Closed mrehder closed 4 years ago
Hi. Supporting multiple key references in arrayMergeById sounds like a useful feature. Unfortunately your short description really doesn't say much about how you think this idea should work. While it might look simple at the first glance, I covering all the corner cases of this feature seems complicated.
For example, how exactly would multiple idRefs behave? Is each object pointed to by idRef unique (making each object in the array possibly occupying more than one slot in the unique set)? Or is the set of all present idRef'd objects in unique? How to handle array elements that have one or more idRef'd object missing.

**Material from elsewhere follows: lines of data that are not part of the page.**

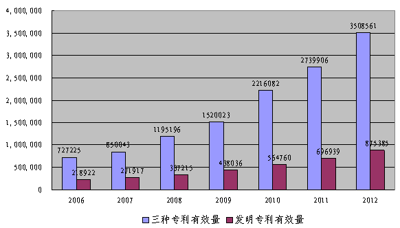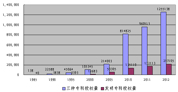 專利申請受理量和專利授權(quán)量快速增長。專利制度實(shí)施之初的1986年,我國三種專利申請受理量僅為1.8萬件,專利授權(quán)量僅為3,024件。2012年,三種專利申請受理量205.1萬件,專利授權(quán)量125.5萬件,比1986年分別增長109.8倍和414.1倍。2012年,發(fā)明專利申請受理量65.3萬件、專利授權(quán)量21.7萬件,比1986年分別增長80.5倍和3875.9倍。2011年以來,我國發(fā)明專利申請受理量居世界第一。2012年7月,我國發(fā)明專利累計(jì)授權(quán)量突破100萬件。用時(shí)27年,成為世界上實(shí)現(xiàn)這一目標(biāo)最快的國家。
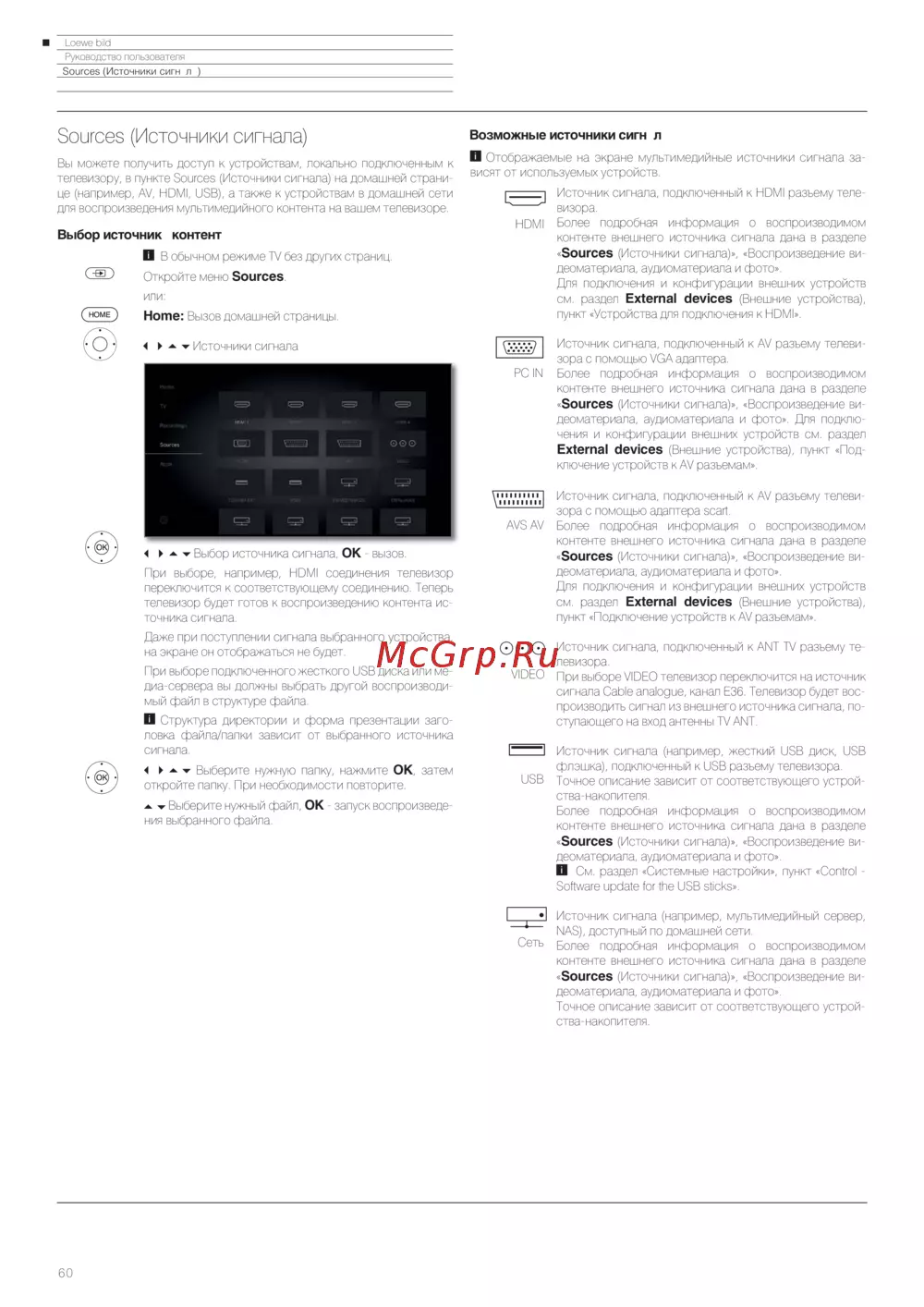 телевизору, в пункте Sources (Источники сигнала) на домашней страни-
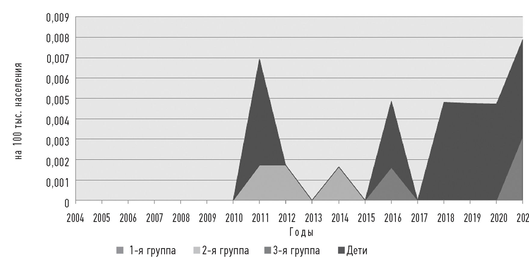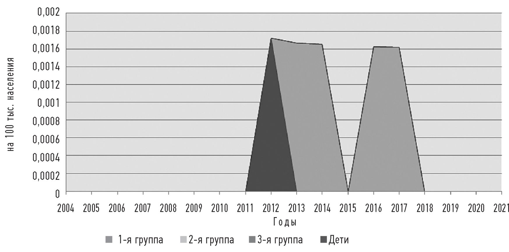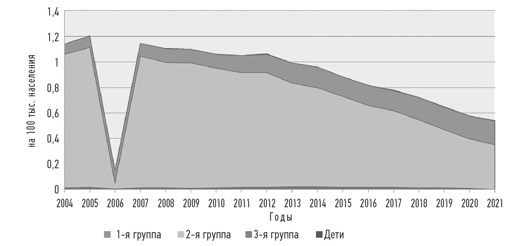 The prevalence of the newly diagnosed disabilities showed similar trends from 2004 to 2021 (per 100 thousand population), with an unstable increase from 0.006 to 0.01 in group 1 (r = 0.05), sustainable growth from 0.09 to 0.55 in group 3 (r = 0.81) and from 0.47 to 0.57 pediatric group (r = 0.67), and a steady decrease from 0.76 to 0.16 in group 2 (r = –0.79).
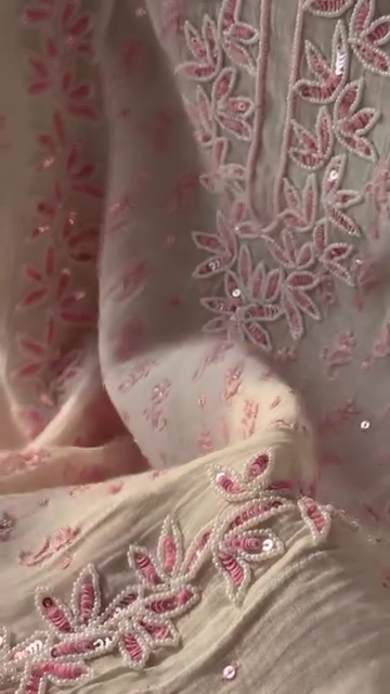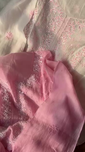 Soft, airy, and luxuriously smooth, the Mul Chanderi fabric drapes like a dream, offering both comfort and poise. The kurta is adorned with intricate handwork, detailed with delicate beads and fine thread embroidery, making it a truly timeless piece. Each stitch and shimmer tells a story of artistry passed down through generations.
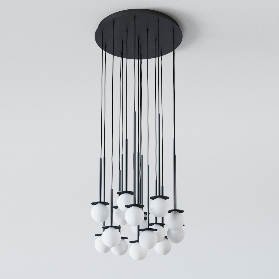 COTTON PANEL HF4, fi100 wisząca LED 16x2,7W/298lm/3000K, 230V, przewód czarny, czarny głęboki (mat struktura) RAL 9005
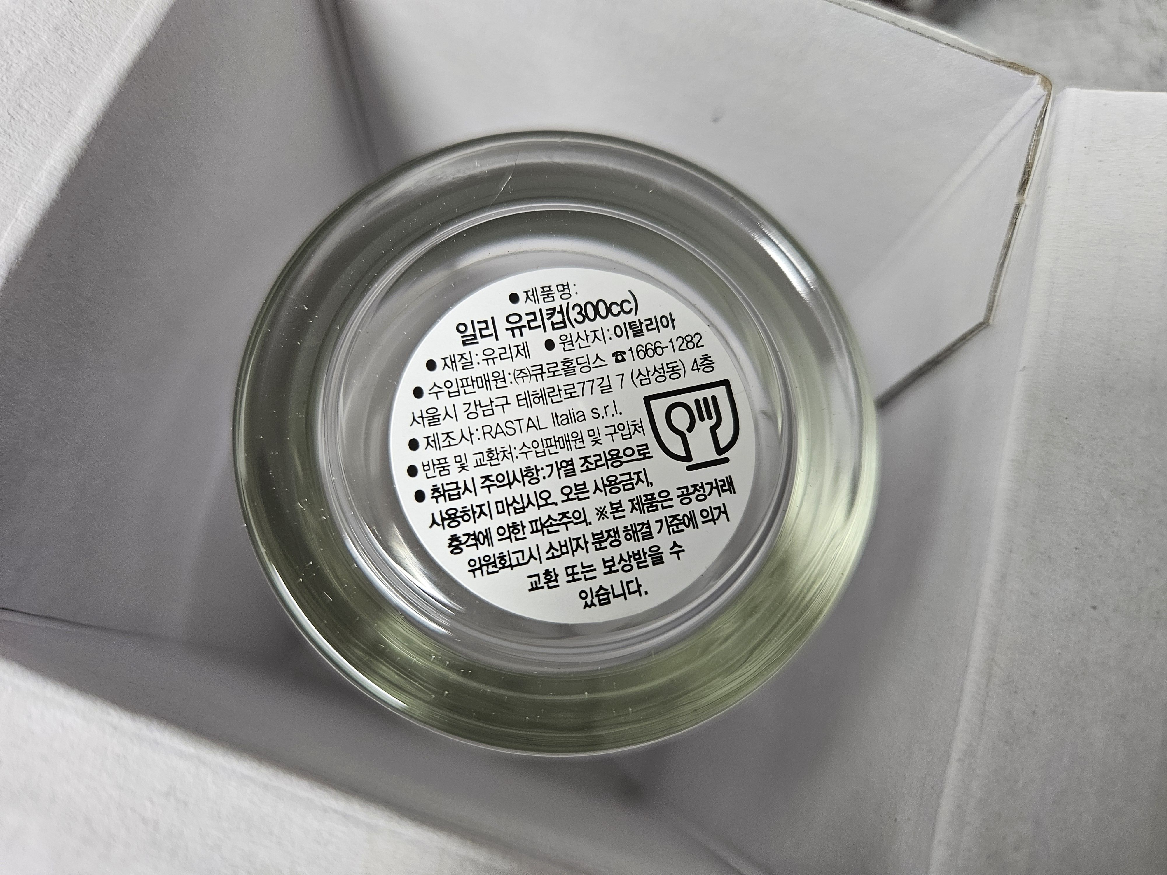 일리 라테 글라스 박스를 열고 바닥을 보니 이번에도 제공되는 잔도 이탈리아에서 만든 제품이다.
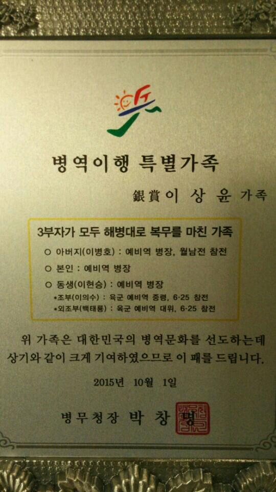 신청인 본인 이xx는 1970년에 해병대에 자원입대하여 13개월간 월남전에 참전(유공자 등록번호 21-1305571)후 연평도에서 잔여기간을 복무하고 전역하였습니다. 본인의 장남 이상윤(해병대1사단 복무)과 차남 이현승(해병대사령부 복무)도 대를 이어 해병대를 명예롭게 전역하였습니다.
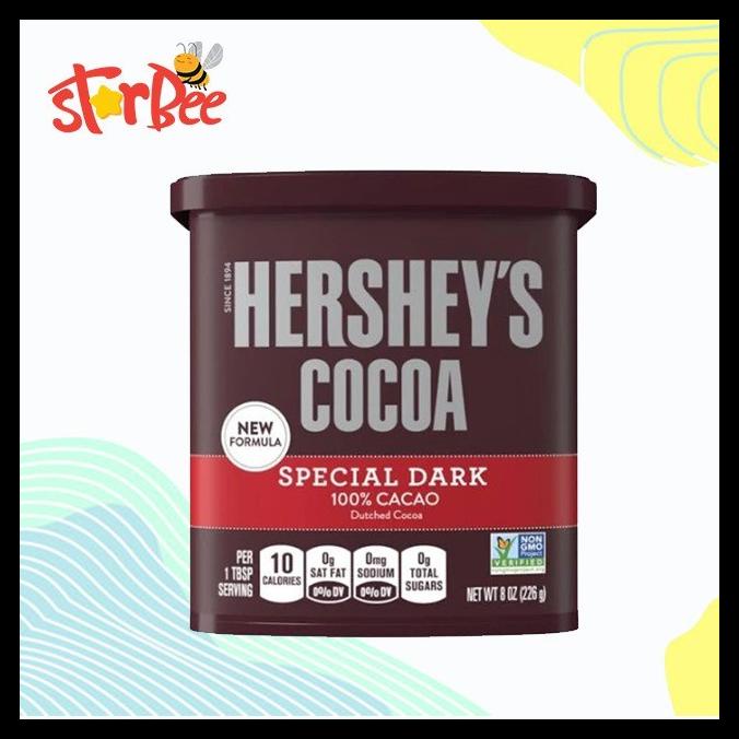 HERSHEY'S COCOA SPECIAL DARK 100% Cacao Cocoa HERSHEY'S cocoa Gluten Free Kosher Nutrition Information Nutrition Facts Servings Per Container about 45 Serving size 1 tbsp (5g) Amount per serving Calories 10 % Daily Value* Total Fat 0.5g 1% Saturated Fat 0g 0% Trans Fat 0g Cholesterol 0mg 0% Sodium 0mg 0% Total Carbohydrates 3g 1% Dietary Fiber 2g 6% Total Sugars 0g Includes 0g Added Sugar 0%
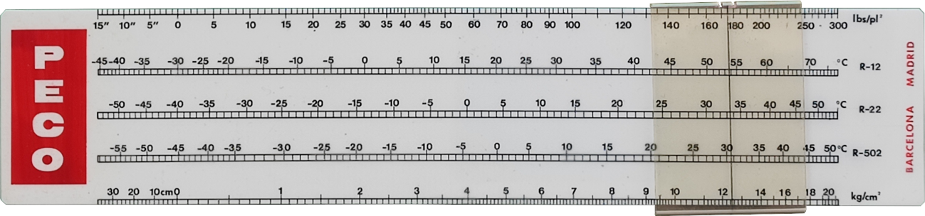 | Escalas: | Anverso: conversión entre temperatura agentes refrigerantes y presiones. Reverso: conversión entre ºC y ºF y presión agente refrigerante |
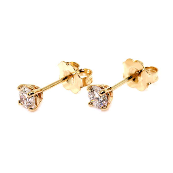 14k yellow gold four claw diamond stud earrings. The earrings are set with 2 = 0.44cts in total of round brilliant cut diamonds, quality GH / I1.
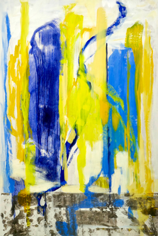 Aus den vielen anfänglichen Skizzen wurden schließlich drei Farbtafeln, die Kühner ihrem Auftraggeber präsentierte: eine sehr konkrete Umsetzung, die zwei Sportler auf dem anthrazitfarbigen Ziegelfundament der Halle in Piktogramm-artiger Weise zeigt, eine halbabstrakte Komposition, auf der die Sportler sich in farbiger Dynamik auflösen, und ein Bild ohne jede Gegenständlichkeit, auf dem lediglich die blauen und lehmgelben Elemente in einen spannenden Wettkampf treten.
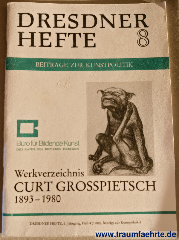 Alte Bücher etc. > SachsenRat des Bezirkes Dresden (Hrsg.): Dresdner Hefte 8. Werkverzeichnis Curt Grosspietsch 1893–1980. [ Permalink ]>>> Artikel-Nr: 33252 <<< Dresden, Rat des Bezirkes 1988, mit Abbildungen, 72 S., illustr. OBro. Zustand: berieben, hinterer Buchdeckel etwas knickspurig Preis: 28,00 €
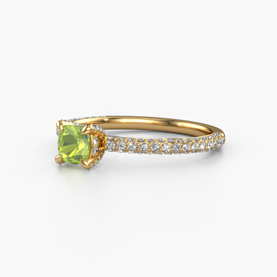 The ring shown above is called the Saskia 2 cus. We call this type of ring a pavé solitaire ring because it has one centre gemstone and a band that is also pave set with gemstones. The 14 Carat gold engagement ring is set with a cushion 4.5 mm peridot centre stone and the band is pave set with lab grown diamond gemstones. Each jewel is made just for you, with attention to detail and design.This contemporary gold pavé solitaire engagement ring has an exquisite cushion peridot centre stone. To further accentuate the centre stone, the band is fully set with more lab-grown diamonds. Its open prong setting allows light to strike the peridot from various angles and this adds sparkle to your peridot ring. The photo shown above depicts the goldsmith's carefully handcrafted details of the ring. The high positioning of the centre stone is truly eye-catching. The perfect engagement ring for the crown jewel of your life! Are you on a budget? Please feel free to contact us, so we can go discuss your options. We offer our engagement rings at guaranteed best price, because we make them to order. You won't find such a price anywhere else!Our designers and goldsmiths work together each day, creating new jewels. Perhaps you have found a nice contemporary engagement ring somewhere, which can be used to customize your unique ring. Please feel free to contact us. We will make you an offer, based on a fair price/ quality ratio, which will amaze you.To make it easier for you, we offer a 30 day return policy. Check our terms and conditions.
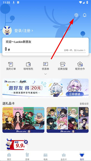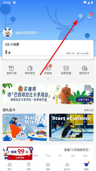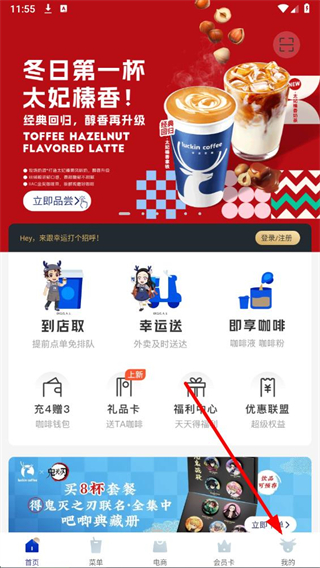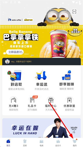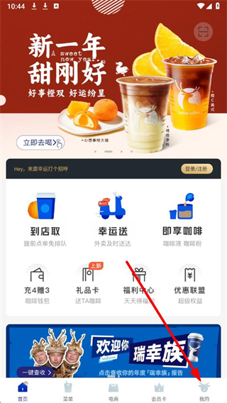 1、在瑞幸咖啡首页,点击右下角我的,进入个人页面。

How is ignoreId handled in the case of multiple idRefs per element?
it's the set of items forming a unique identification. A compound key. For example, an array of city theaters keyed by City and Theater names - both city and theater values are needed to identify a unique array entry. One could have defined a single key but then it wouldn't be easy to do searches/sorts by city etc. I think any entry missing the necessary keys is declared an exception, since without all keys there can't be proper matching.
I don't have a usecase for multiple ignoreIDs.
"idRefs" (plural) could be added to maintain BWC. It would have an array of ids as its value. The code then looks for a match to "idRef" or "within" the set for "idRefs"
support for multiple "keys" in an array seems to be missing. This is required for some use-cases where more than one property is used as the "key" of the array.